Allora gli chiesi quasi gridando: “ Quando finirà questo flagello? Moriremo tutti? “. Non mi rispose, puntò il dito verso l’alto, mi prese per mano, mi porse un buono per ritirare dei gomitoli di lana, mi salutò con un cenno; anche lui non poteva parlare e le lacrime gli rigavano il volto.

Forse non lo ringraziai, me ne andai di corsa, stava suonando l’allarme aereo ed io, nonostante si dicesse che Bologna era stata dichiarata città bianca, avevo sempre tanta paura e corsi fino dove eravamo alloggiati.

Mentre correvo, davanti ai miei occhi, avevo la chiesa di Vizzano.
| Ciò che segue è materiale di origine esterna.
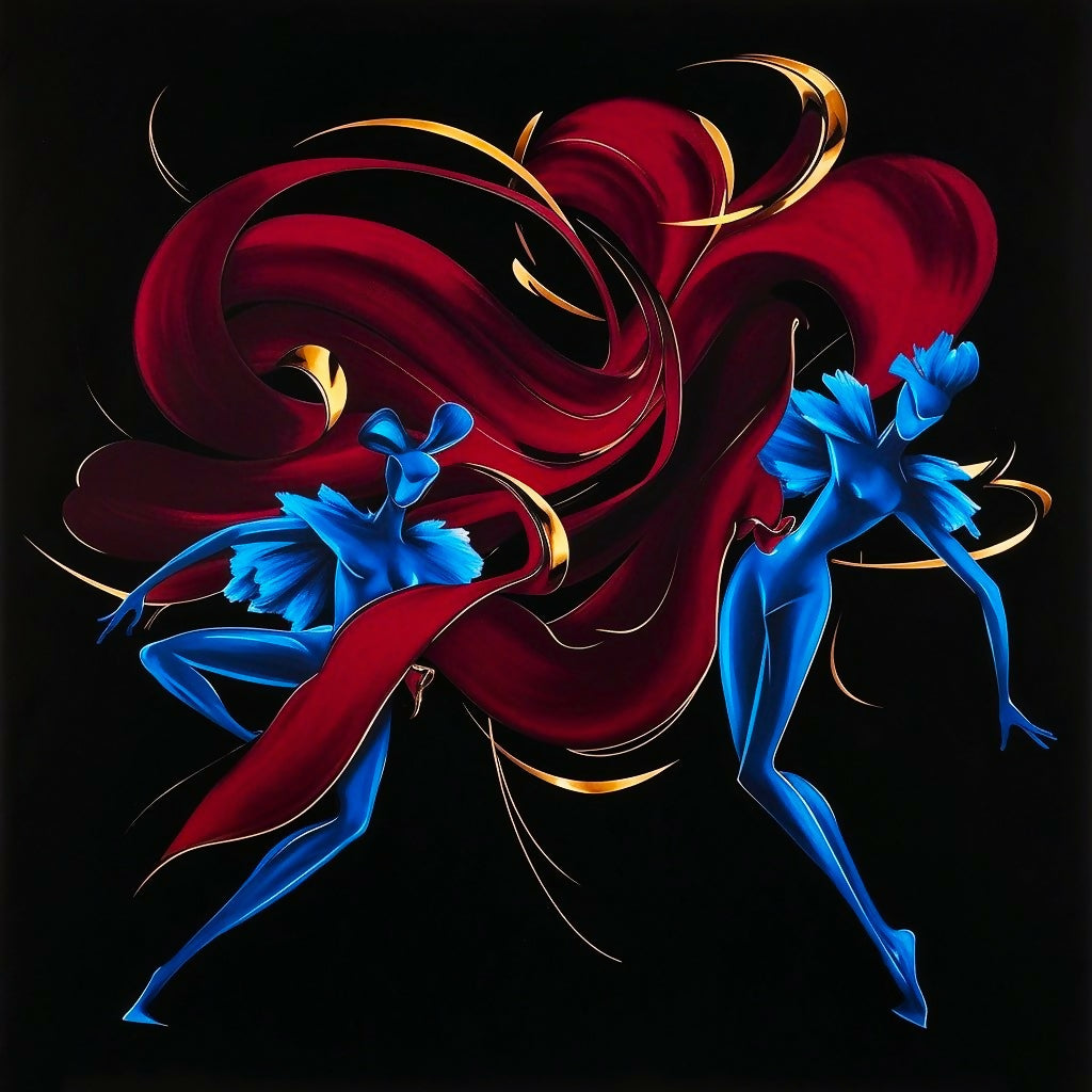An abstract composition featuring two fluid figures intertwined with flowing maroon ribbons and golden accents. The contrast of vibrant blues against a deep black background creates a striking sense of movement, making this piece a refined statement for modern interiors and artistic collections.

Udivo il suono delle campane e la voce chiara di Don Ottavio che predicava, predicava…

La sua voce si affievoliva allontanandosi pian piano…

Le fronde del cedro che sorge presso la chiesa, lasciavano cadere sulla mia fronte alcuni aghi pungenti.

Apro gli occhi. Mi sembra di aver sognato.

Davanti a me c’è Don Pietro. É lui che parla di S. Giorgio durante l’omelia, non è Don Ottavio.

Mi guardo attorno. Tanta gente è tornata in questo luogo.

Anch’io sono qui che stringo i ricordi di quella che fu la chiesa di Vizzano e mentalmente mi ripeto: “ Era un gioiello “.